Task goal: Output the data below only from the line containing "Hatteker 9mm Professional" up to and including the line containing "Você visita mercados", exact and with the pictures left out.

======== Source information

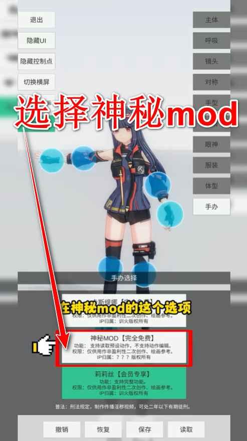 11.支持撤退、回复等操作,也能够保存当前人物形象,并且可读取默认自带的数十种姿势。
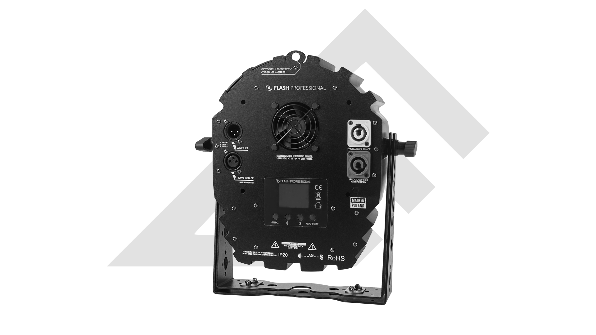 Reflektor LED PAR z siedmioma diodami o łącznej mocy 70W. Wszystkie z nich zapewniają mocne światło o dalekim zasięgu, emitującym praktycznie nieograniczoną kombinację niezwykle jasnych barw. Dodatkowo reflektor jest wyposażony w uniwersalny podwójny uchwyt, dzięki któremu bardzo łatwo go zawiesić lub po prostu postawić na ziemi
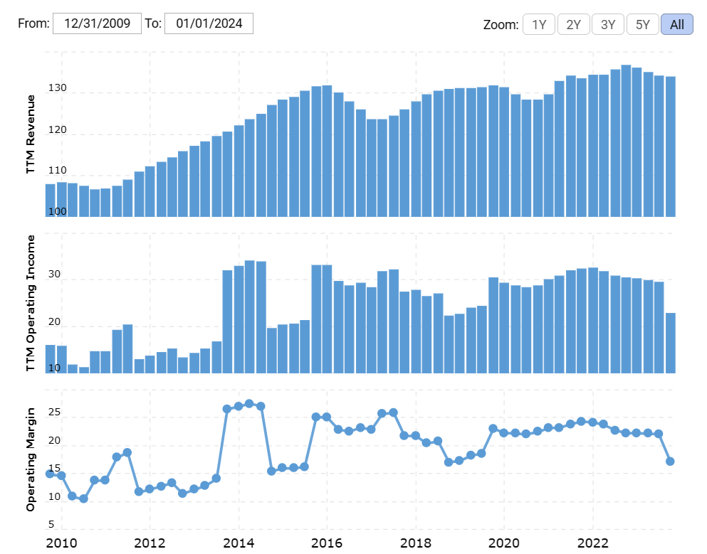 영업마진이 22%이고 ROE가 12.6%이며 배당률이 6.7%로 높은 상태입니다. 지난 19년간 배당을 꾸준히 늘려왔고 1.9%의 배당성장률을 유지하고 있습니다. 다만 Payout Ratio가 95%에 육박하여 높은 것이 배당주 투자자로서 장기투자하기에 리스크가 있어 보입니다. 장기적으로는 5G 부문의 성장이 기대되기 때문에 성장 여력은 충분하다고 생각합니다.
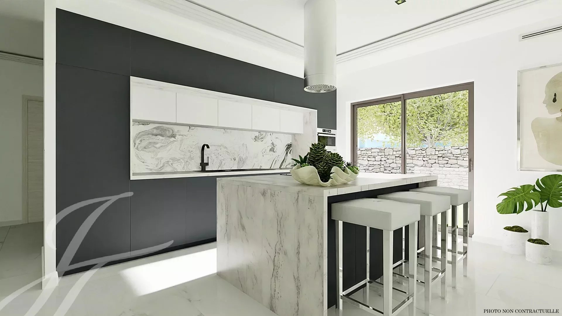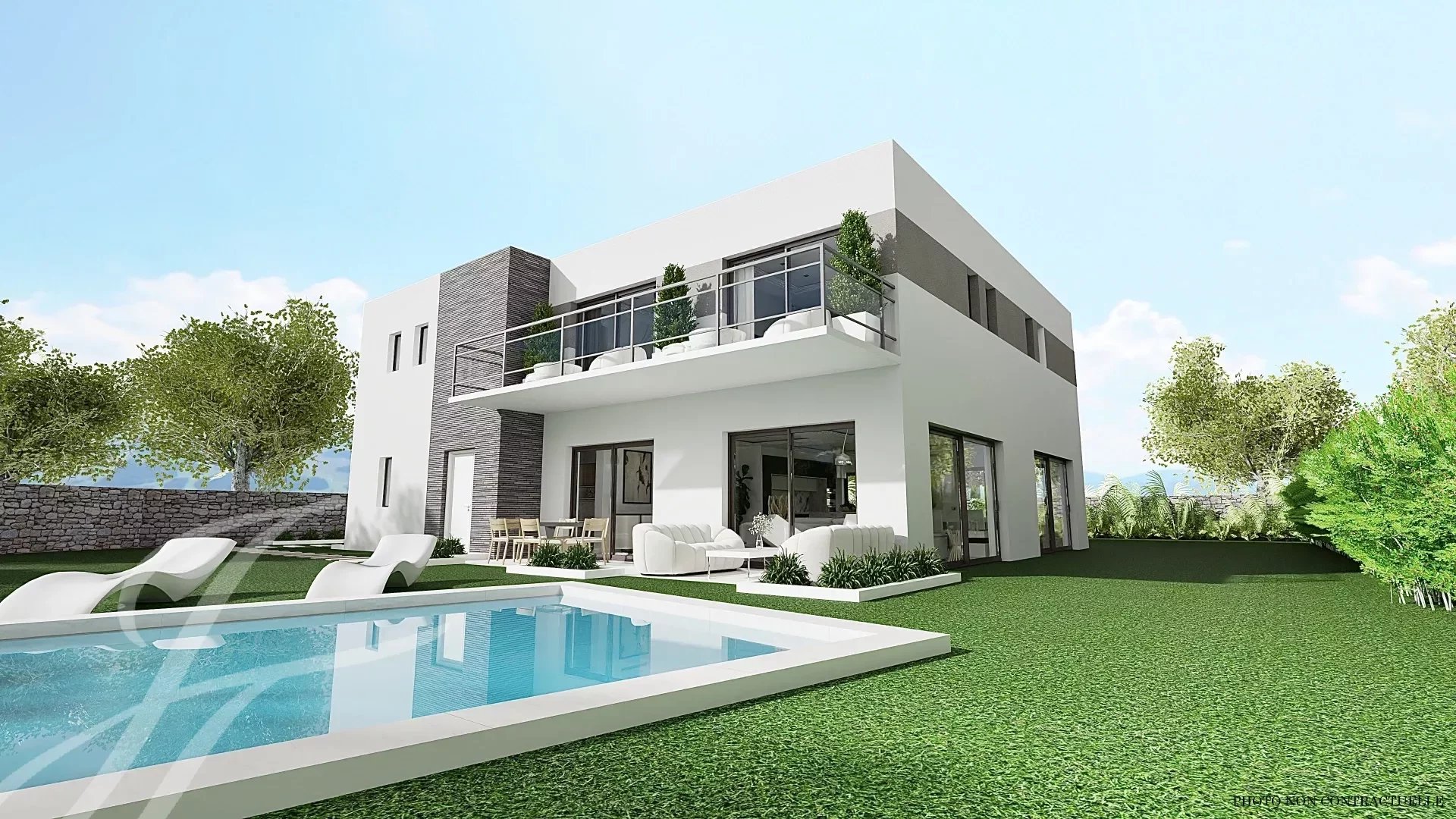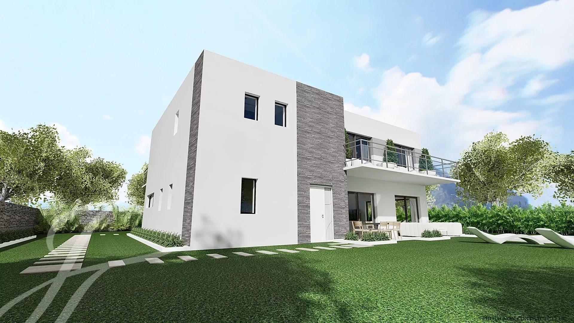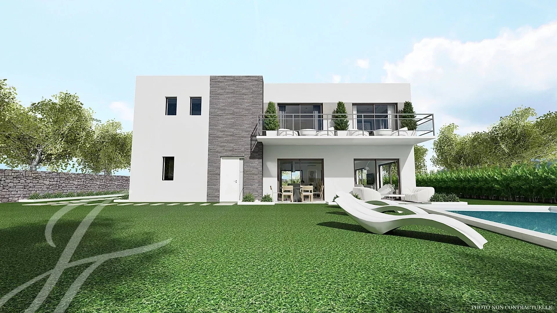 Superb contemporary house under construction, high-end materials and equipment.
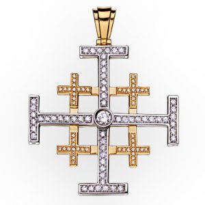 14K Gold Kreuzanhänger mit Diamanten - Jerusalem Kreuzanhänger - Gelbgold und Weißgold
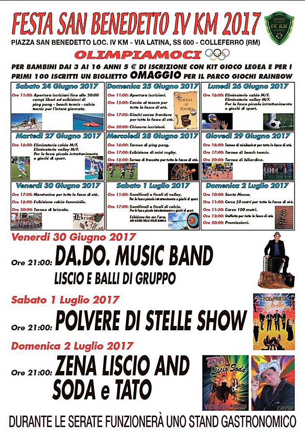 COLLEFERRO IV Km (RM) – Anche quest’anno, come da ormai tradizione, nella zona IV km di Colleferro, torna la Festa di San Benedetto, edizione 2017, organizzata dall’omonimo Comitato locale con il Patrocinio del Comune e la sponsorizzazione della Banca di Credito Cooperativo di Roma.
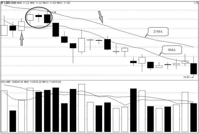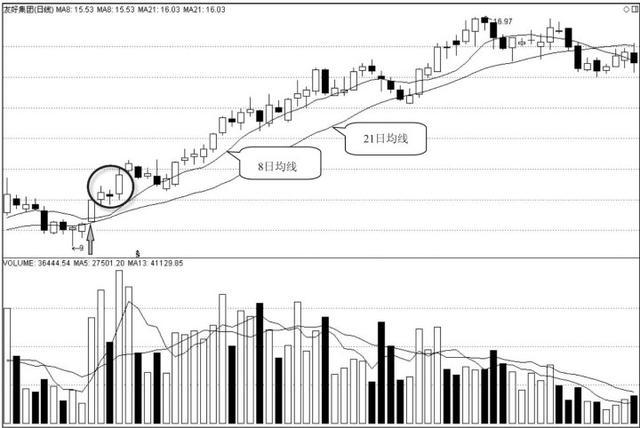 在这里需要注意的是,虽然我们是以8日线作为操作参照,但一定要考虑到“21日线整体处于上行趋势或由原来的下行趋势转为走平”这个大的前提,不然买入的成功率会大大降低。
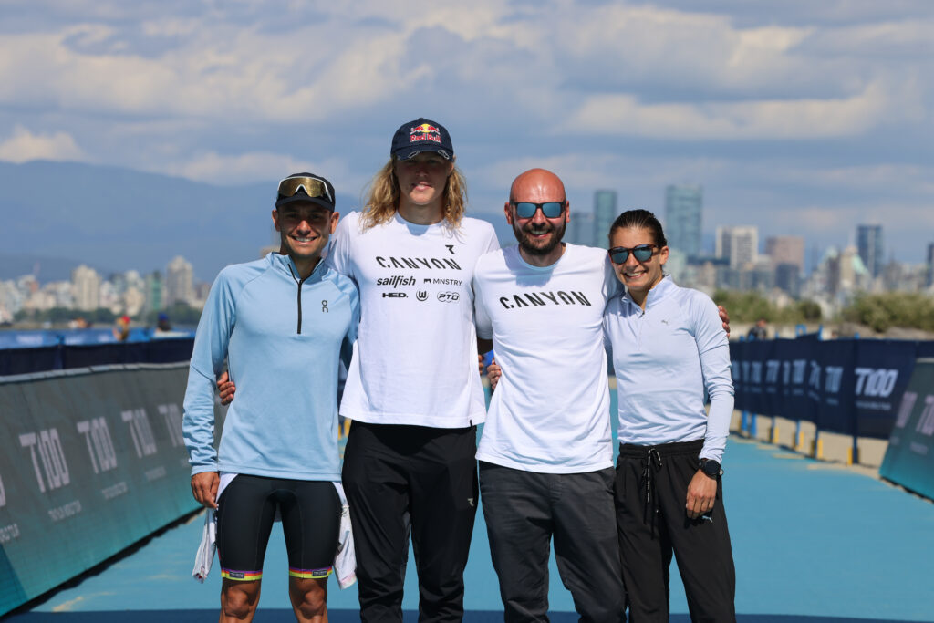 Jelle Geens, Mika Noodt, Coach Reszel, Daniela Kleiser at T100. Photo: Nancy Otto.
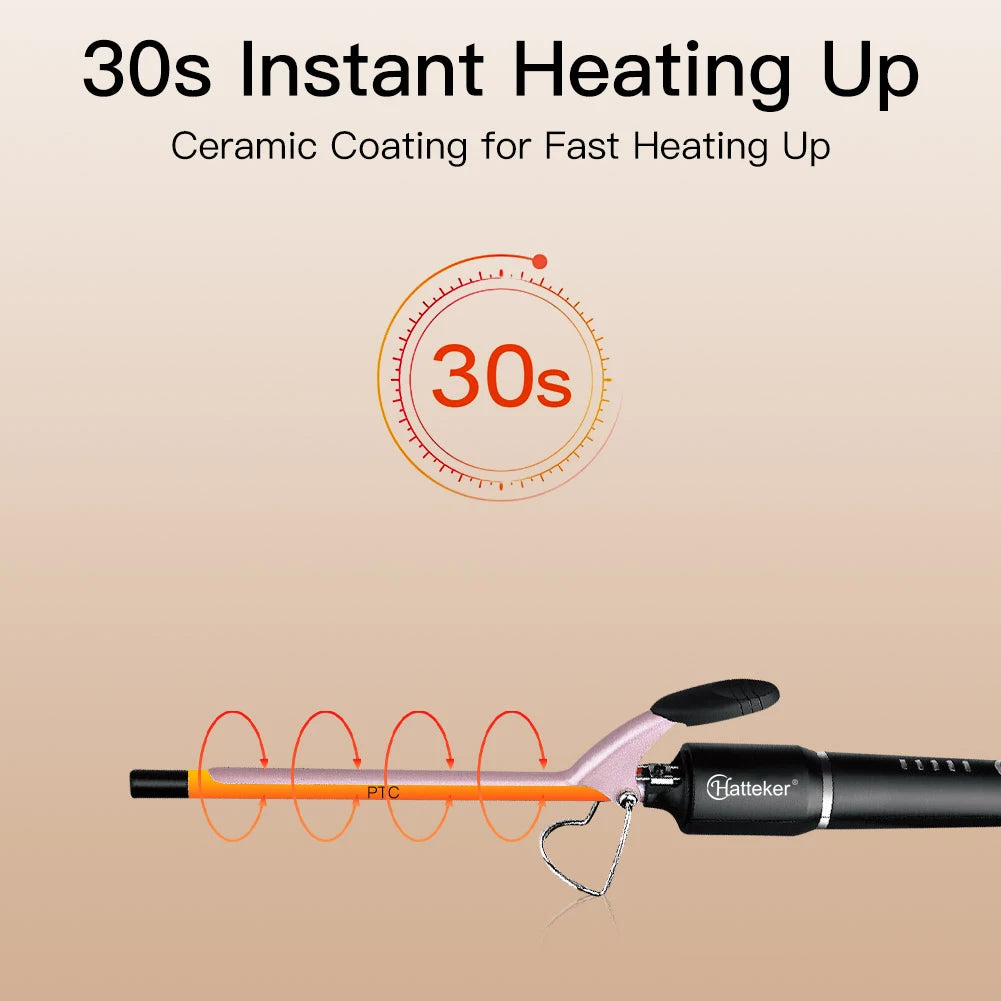 Hatteker 9mm Professional Hair Curler Ceramic Barrel Iron Smart Auto-Off Women's Wet/Dry Constant Temperature Protection Tool
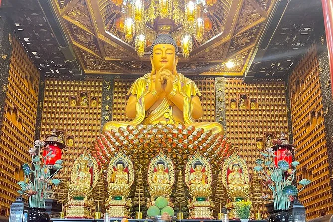 Você visita mercados (incluindo um grande mercado de flores), prédios antigos de 1968, altares e bairros locais em Cholon.
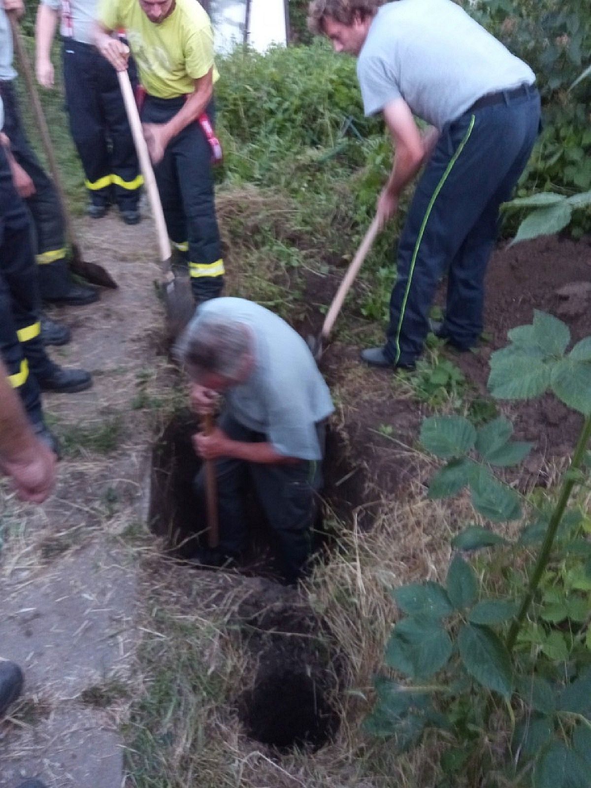 Profesionální hasiči z Uherského Hradiště a ze Zlína a také dobrovolní hasiči ze Starého Města se postupně vystřídali při kopání...
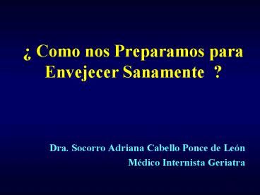 1 Como nos Preparamos para Envejecer Sanamente ?

================

Solved exercise:
 Hatteker 9mm Professional Hair Curler Ceramic Barrel Iron Smart Auto-Off Women's Wet/Dry Constant Temperature Protection Tool
 Você visita mercados (incluindo um grande mercado de flores), prédios antigos de 1968, altares e bairros locais em Cholon.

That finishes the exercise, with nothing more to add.